Havia apenas uma coisa, uma chance de não serem massacrados por homens treinados e montados.

Soluço disparou para a praça que vira antes e gritou a plenos pulmões por seu dragão. Há centenas de metros, escutou o rufar de asas agitado, preparado para o voo.

À sua volta, explodia um pandemônio de pessoas carregando pertences para fora das casas, com seus donos resistindo com unhas e dentes para manter o que tinham. Não tinha tempo para prestar atenção em nada e rezou uma prece silenciosa para que ninguém fosse em sua direção.

As ruas finalmente se abriram para o campo aberto. Soluço esticou o braço e Muninn já disparou em sua direção.

Em um movimento automático, ele se agarrou na sela e impulsionou o corpo para cima, quase que ao mesmo tempo em que o dragão correu na direção oposta, pegando impulso para se lançar para o alto, tão sincronizados que poderiam ser uma única criatura.

Em apenas dois bateres de asas, os dois subiram e chegaram às margens da cidade. Soluço viu pelo menos quinhentos soldados armados até os dentes, vestidos em cota de malha e couro fervido. À cavalo ou a pé, todos carregando espadas, lanças e arcos.

E todos eles berraram ao olhar para cima.

Soluço circundou o exército, tentando se manter no ar mas ainda sobrevoar o mesmo local. A cada curva, cabeças desesperadas os acompanhavam sem piscar. Como primeiro e último aviso, ele deu dois tapas no pescoço de Muninn e queimou um aglomerado de árvores à sua frente.

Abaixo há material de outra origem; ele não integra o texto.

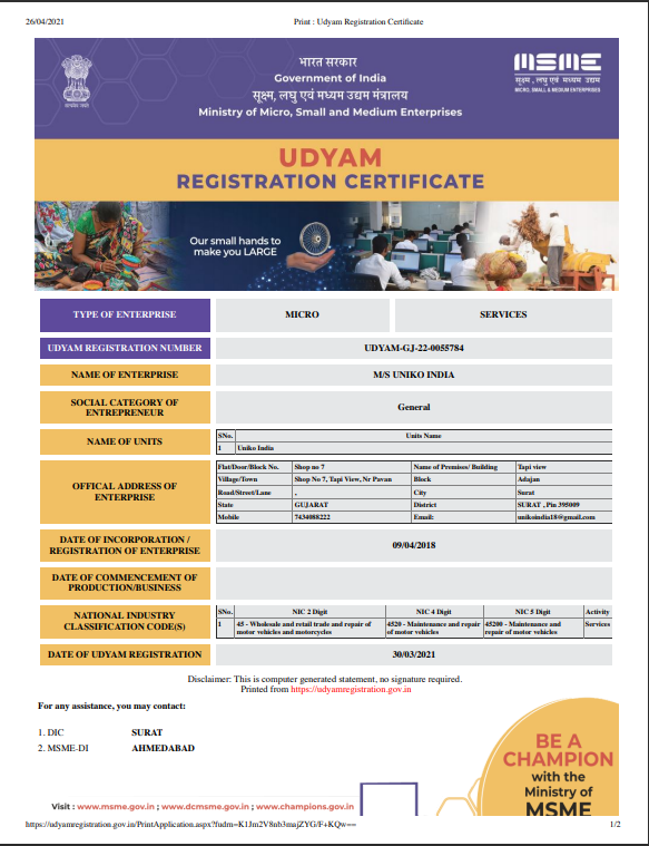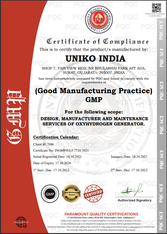 Uniko India Incorporated, established on April 9, 2018, is a dynamic startup based in Surat, Gujarat. We specialize in the manufacturing, supplying, and exporting of cutting-edge HHO generators, catering to a variety of industries including automotive, boiler, cutting, and welding. Our flagship product, the Uniko Carbon Cleaner, has gained significant recognition within the automotive industry for its exceptional ability to decarbonize vehicle engines, contributing to improved performance and reduced emissions. Backed by our robust quality standards and a range of certifications including GMP, ISO9001-2015, CE, Startup India, SGCCI, and MSME, we pride ourselves on delivering products that consistently achieve remarkable results.

O mais sensacional e assustador de um dragão da espécie dos furacões era que seu hálito carregava tamanho calor que uma simples baforada de ar quente incendiava seus alvos, sem nem mesmo precisar soltar fogo como outros dragões.

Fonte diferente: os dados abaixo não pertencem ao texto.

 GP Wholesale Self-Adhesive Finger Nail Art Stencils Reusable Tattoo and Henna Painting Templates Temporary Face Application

Gritos ainda mais guturais e relinchos nervosos ecoaram pelo vento. Não era difícil para Soluço imaginar o terror de ver tal criatura que ainda por cima aparentemente apenas abria a boca para algo à sua frente queimar. Com mais uns poucos giros ao redor do exército, Soluço enfim pousou entre os soldados e a cidade, onde os vikings já se reuniam para assistir o que se desenrolava.

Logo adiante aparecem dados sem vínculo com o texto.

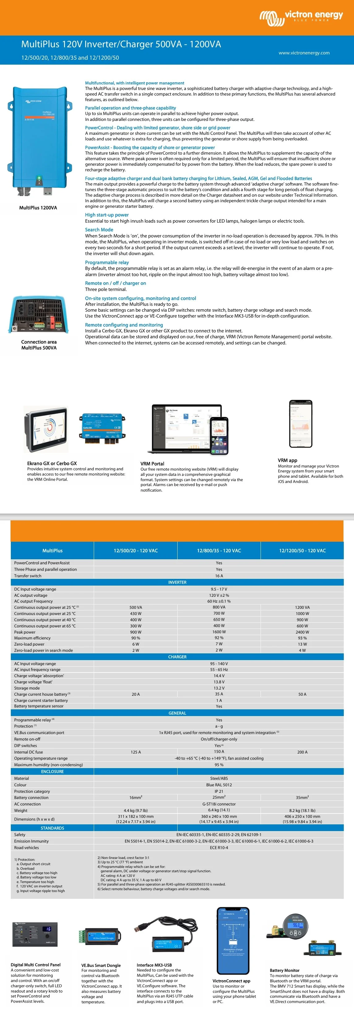 When coupled with a GX device (e.g. Cerbo GX) you can monitor and control your Multi and system or systems' locally (LAN) or remotely via the internet from anywhere in the world, using the free VRM app and free VRM portal website. Access can be from a phone, tablet, laptop or PC for multiple operating systems. There is no end to the level of control, from adjusting your Multi to auto starting a backup generator and more…"

Todos ficaram tão calados que um alfinete causaria um estrondo se tocasse o chão.

E então, um por um, com mãos trêmulas e faces lívidas, os escoceses jogaram suas armas aos pés do dragão. O último a se render foi o cavaleiro à frente de todos, montado em um garanhão negro e trajado em uma armadura que com certeza foi forjada em um castelo.

O homem ergueu o elmo e lançou-o ao chão, revelando um rosto muito mais jovem do que Soluço esperou, somente alguns anos mais velho do que ele próprio. Havia alguma coisa nele, nos seus traços, que lhe era familiar, mas não sabia dizer bem de onde ou parecido com quem. O rapaz loiro o encarou, com os olhos saltando de Soluço para Muninn e para os vikings atrás dele. Era pavor o que viu se esgueirar em seu rosto ou... cobiça?

Mas antes que pudesse ver melhor, o rapaz abaixou a cabeça em rendição. Os nórdicos urraram em êxtase acompanhados por Muninn. Estava acabado, e muito melhor do que Soluço pensou que terminaria.